§ ASSIGNED TASK:
Whenever a picture appears in the listing below, leave it out, and copy exactly the lines from the one containing "Set of 4 super" through the end.

= Beginning of Section =

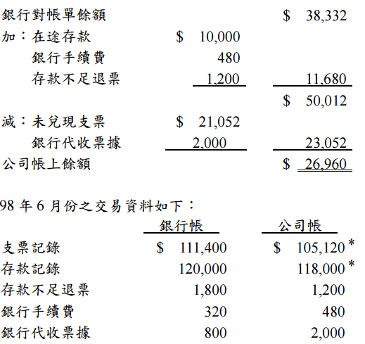 一、甲公司所有收支均透過銀行支票帳戶,其 98 年 5 月 31 日之銀行調節表如下:
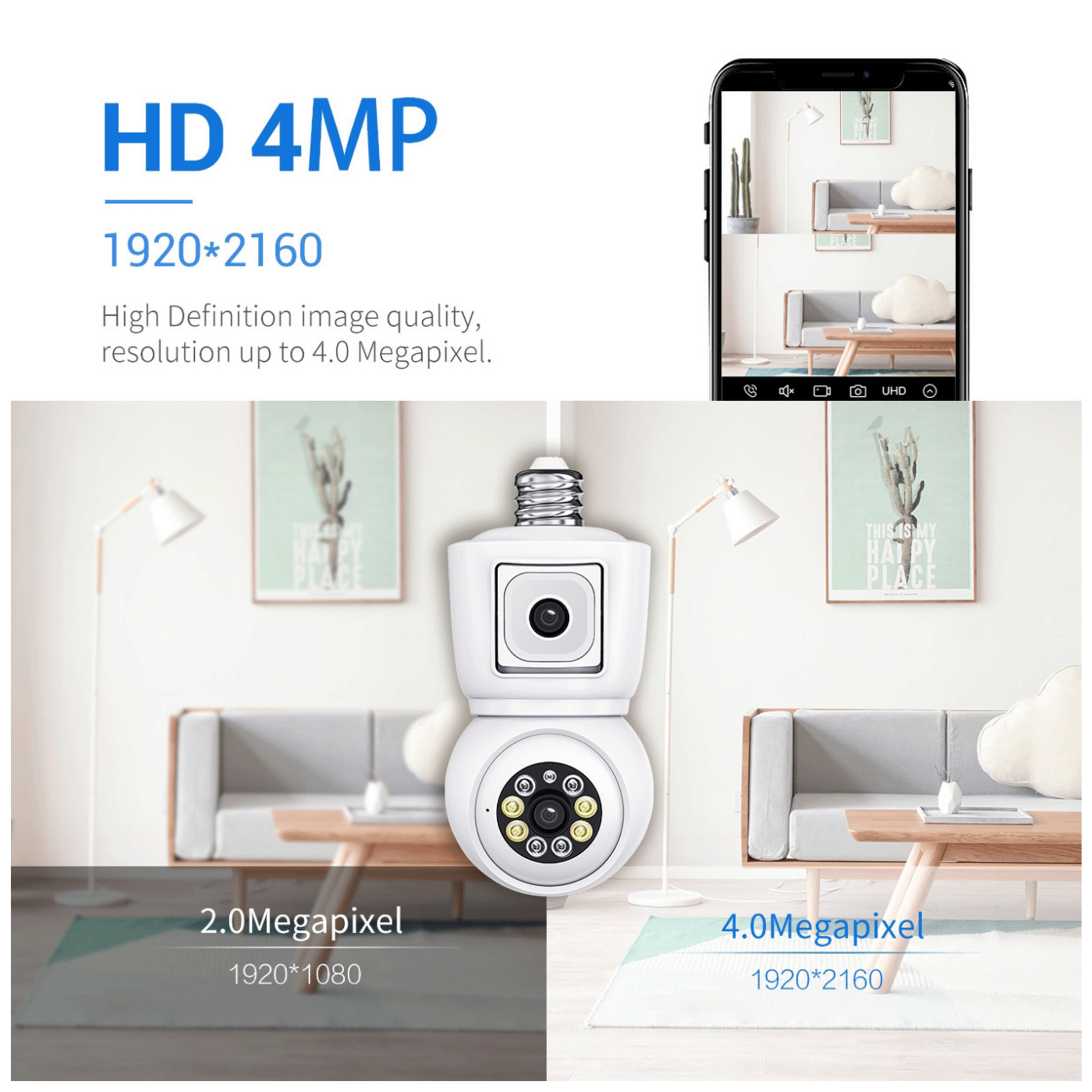 Kamera za video nadzor, detektor pokreta, 4Mpixel, E27, WiFi
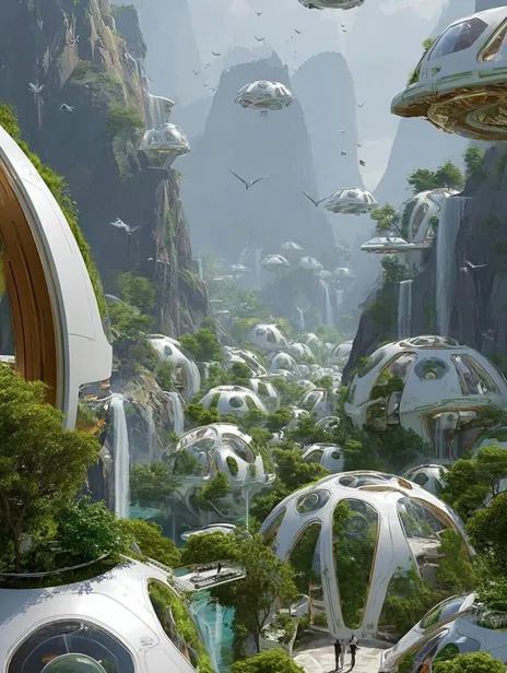 Midjourney Bot 更新时间:2026-01-16 00:04https://images.gogpt.vip/aigf/m_origin/20260115/79580/xgjgy6l711dbglpa.jpeg 未来生态城市 3D 场景,悬浮于峡谷 / 丛林之上的建筑集群:主体是白绿相间的球形 / 流线型建筑(嵌有绿植、透明穹顶),搭配高耸的仿生树形摩天楼、瀑布地貌与飞行载具,色调以清新绿 + 白 + 浅灰为主,风格是‘生态仿生建筑 + 乌托邦城市’的融合,传递‘自然与科技共生的未来人居’隐喻。细节里:球形建筑的绿植嵌合强化‘建筑即生态容器’,悬浮结构凸显‘无界的自然城市空间’,微型人物 / 载具体现‘未来生活的尺度适配’,氛围治愈且充满生态科技的乌托邦质感 --ar 3:4 --v 7 --c 3 --stylize 623 --iw 1.5 --no 文字,汉字,图标,水印
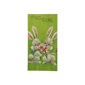 Set of 4 super cute kitschy greeting card from Sangamon from the 1960's features a pair of bunny rabbits holding flowers on the front that says "I'm All Ears".
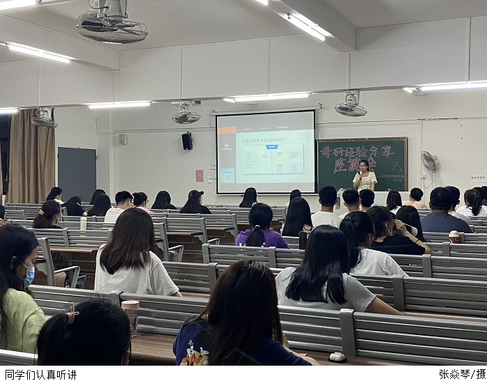 本网讯(经济管理学院 陈锐杰)为加强学院学风建设,更好指导学生考研工作,5月24日晚,经济管理学院在7306教室召开考研经验分享会。活动由蒋林秀老师主讲,经济管理学院学工部部长魏甫龙、助班团指导老师谢芷薇及学院有考研意向的同学参加。

= End of Section =

§ YOUR SOLUTION:
 Set of 4 super cute kitschy greeting card from Sangamon from the 1960's features a pair of bunny rabbits holding flowers on the front that says "I'm All Ears".
 本网讯(经济管理学院 陈锐杰)为加强学院学风建设,更好指导学生考研工作,5月24日晚,经济管理学院在7306教室召开考研经验分享会。活动由蒋林秀老师主讲,经济管理学院学工部部长魏甫龙、助班团指导老师谢芷薇及学院有考研意向的同学参加。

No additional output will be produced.